─── Records to process

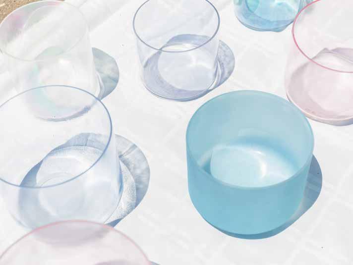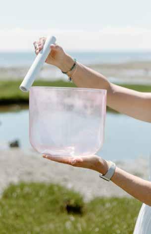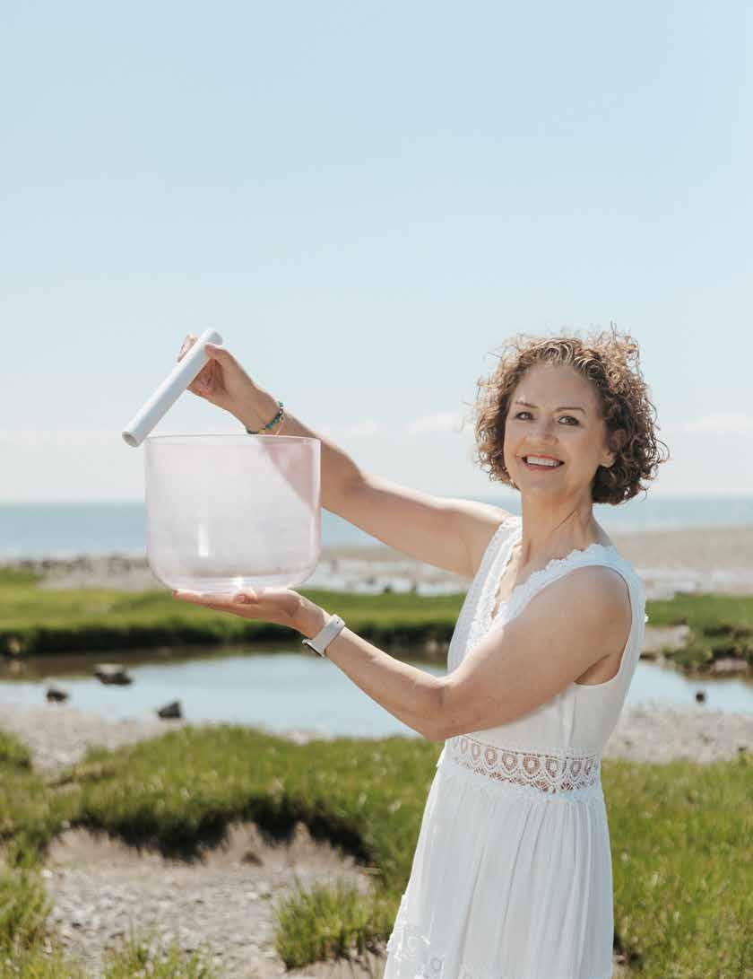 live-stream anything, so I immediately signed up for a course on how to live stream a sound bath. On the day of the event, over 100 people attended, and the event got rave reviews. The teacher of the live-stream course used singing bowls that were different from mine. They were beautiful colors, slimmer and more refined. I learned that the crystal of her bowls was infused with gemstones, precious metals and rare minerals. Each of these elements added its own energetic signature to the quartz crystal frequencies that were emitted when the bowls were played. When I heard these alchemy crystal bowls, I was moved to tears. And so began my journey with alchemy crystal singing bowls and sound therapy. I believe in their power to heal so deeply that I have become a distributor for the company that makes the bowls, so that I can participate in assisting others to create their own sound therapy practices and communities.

──────
─── Records to process

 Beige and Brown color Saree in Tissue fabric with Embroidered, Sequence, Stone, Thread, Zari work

──────
─── Records to process

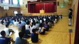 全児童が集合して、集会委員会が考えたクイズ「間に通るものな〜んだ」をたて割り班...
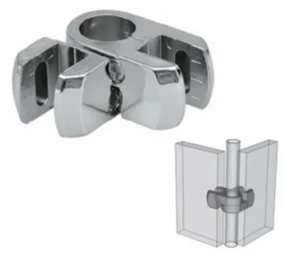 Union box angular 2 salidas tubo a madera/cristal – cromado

──────

__Aim of the task__. No picture is to be printed. Output exactly the lines above from the line containing "全児童が集合して、集会委員会" through the line containing "Union box angular".

__Expected output__.
 全児童が集合して、集会委員会が考えたクイズ「間に通るものな〜んだ」をたて割り班...
 Union box angular 2 salidas tubo a madera/cristal – cromado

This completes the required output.